JulianneDavid / shared-cancer-splicing

Code for reproducing analyses and figures for shared alternative cancer splicing paper
MIT License
4 stars 2 forks source link

jxsamp2 and jxsampleindex operational error #4

Closed Liam730 closed 4 years ago

Liam730 commented 4 years ago

Dear Julianne,

After around 24h of running the jx_indexer.py in index mode to create the new_jx_index.db, the log said "jxsamp2 operational error" and "jxsampleindex operational error" and the size of database was around 123G. Then, I tried to run the script in experiment mode, but it said "database or disk is full". I have not change the max page size of the sql database and the space of this project directory in my workstation has 15T left. So, I want to know whether the database had been successfully constructed in index mode. If not, whether the error could be "full database"? The code was attached below.

Thanks in advance!

Best,

Liam

Running jx_indexer.py in index mode.

python3 ../junction_database/jx_indexer.py -d ./ index -c GTEX_JUNCTION_COVERAGE.tsv -C TCGA_JUNCTION_COVERAGE.tsv -b GTEX_JUNCTION_BED.bed -B TCGA_JUNCTION_BED.bed -p GTEX_PHEN.tsv -P TCGA_PHEN.tsv -s RECOUNT_SAMPLE_IDS.tsv -g GENCODE_GTF_V28.gtf 

The database file already exists. Would you like to erase the current database file and begin generating the database from scratch? [y/n]
(Note: the full database is 249GB and takes significant resources to generate.
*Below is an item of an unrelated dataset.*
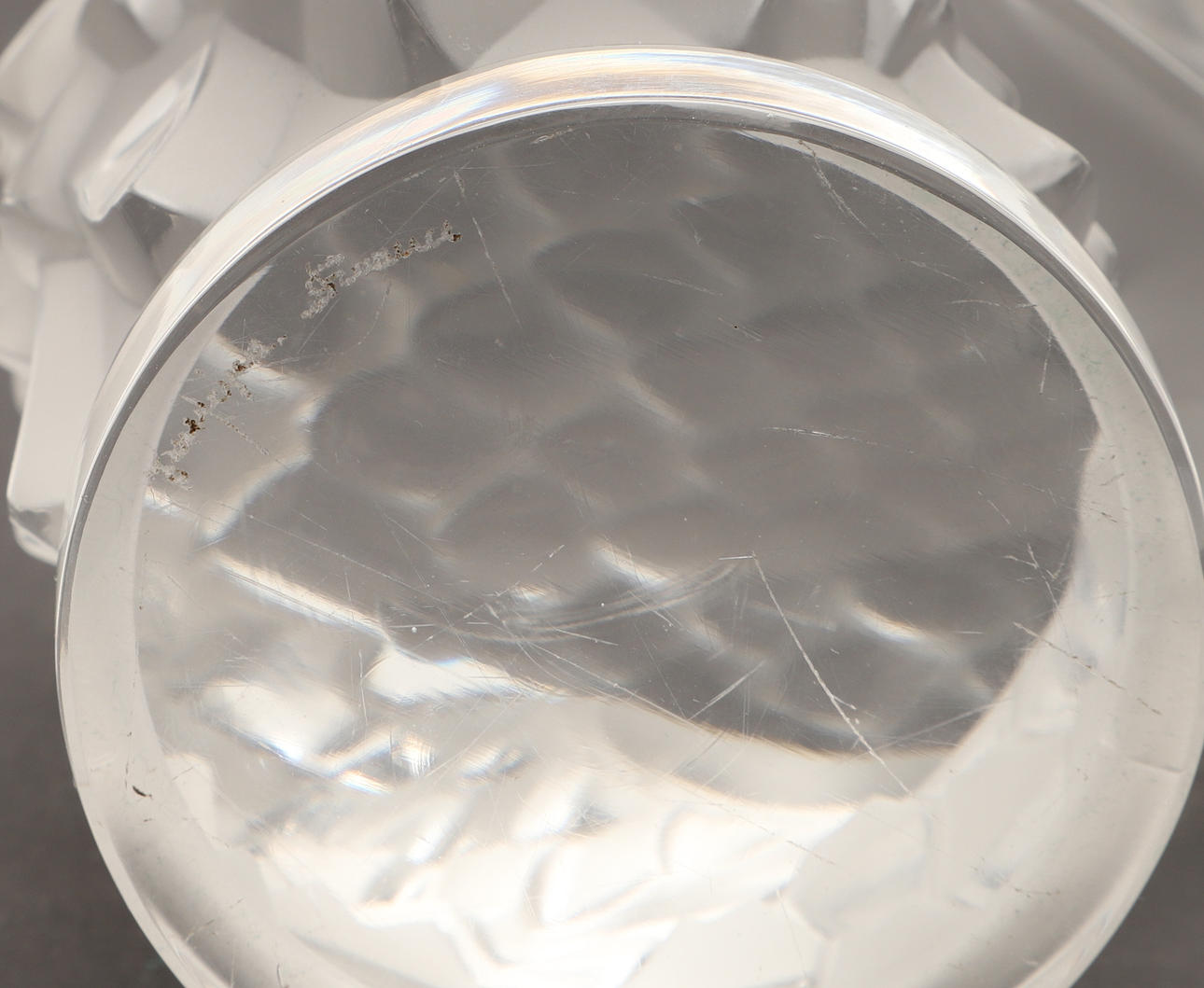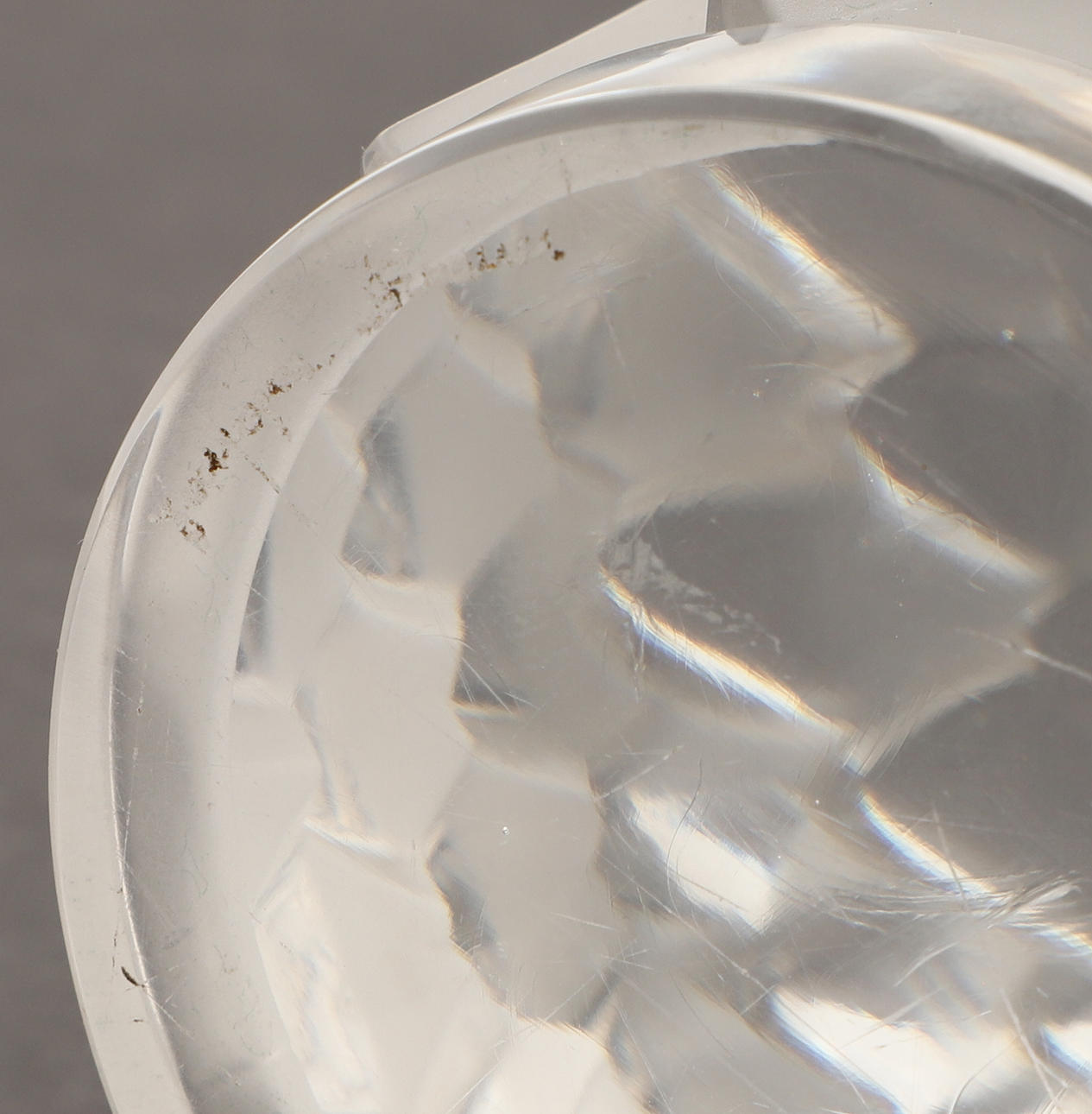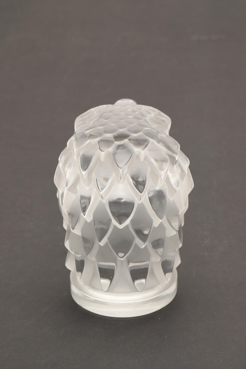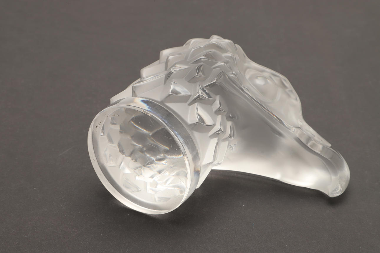 A Lalique frosted glass car mascot in the form of an Eagle's head. Etched marks to the base, 'Lalique, France'. 11cms high.
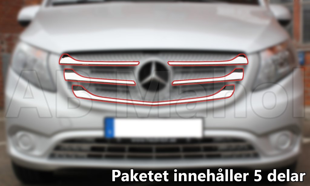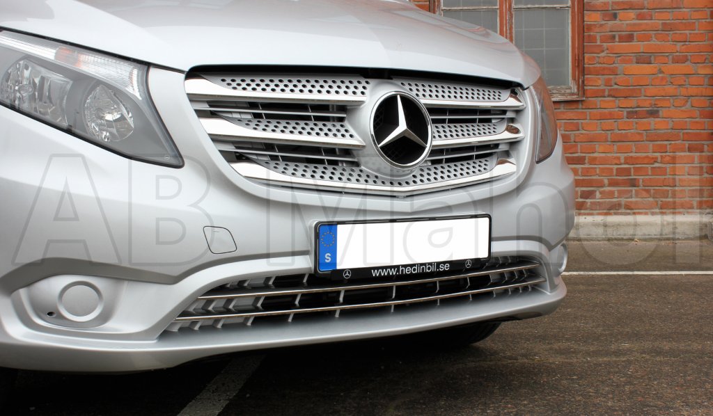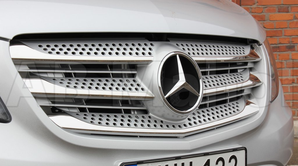 Stylish grill details for mounting on the original grill for Mercedes Vito from 2015-2020. The grill is made of stainless steel with a highly polished surface treatment, which gives the grill a shiny shiny look like chrome!

Deleting the database file is only recommended if a previous indexing run did not complete successfully.
Would you like to delete the database file? [y/n]: y
Deleting existing database file.
/projects/shared-cancer-splicing/junction_database/index.py:447: FutureWarning: read_table is deprecated, use read_csv instead, passing sep='\t'.
  gtex_phen = pd.read_table(tissue_phen, usecols=['sampid', 'smts', 'run', 'auc'])
/projects/shared-cancer-splicing/junction_database/index.py:467: FutureWarning: read_table is deprecated, use read_csv instead, passing sep='\t'.
  'gdc_cases.diagnoses.tumor_stage': str
/projects/shared-cancer-splicing/junction_database/index.py:488: FutureWarning: read_table is deprecated, use read_csv instead, passing sep='\t'.
  names=['recount_id', 'universal_id']
/projects/shared-cancer-splicing/junction_database/index.py:263: FutureWarning: read_table is deprecated, use read_csv instead, passing sep='\t'.
  names=['recount_id', 'universal_id']
/projects/shared-cancer-splicing/junction_database/index.py:290: FutureWarning: read_table is deprecated, use read_csv instead, passing sep='\t'.
  converters=uppercase_and_spaces, dtype=str
/projects/shared-cancer-splicing/junction_database/index.py:290: ParserWarning: Both a converter and dtype were specified for column gdc_file_id - only the converter will be used
  converters=uppercase_and_spaces, dtype=str
/projects/shared-cancer-splicing/junction_database/index.py:290: ParserWarning: Both a converter and dtype were specified for column gdc_cases.project.name - only the converter will be used
  converters=uppercase_and_spaces, dtype=str
/projects/shared-cancer-splicing/junction_database/index.py:371: FutureWarning: read_table is deprecated, use read_csv instead, passing sep='\t'.
  tissue_phens, usecols=['sampid', 'smts', 'run', 'smtsd']
/projects/shared-cancer-splicing/junction_database/index.py:390: FutureWarning: Sorting because non-concatenation axis is not aligned. A future version
of pandas will change to not sort by default.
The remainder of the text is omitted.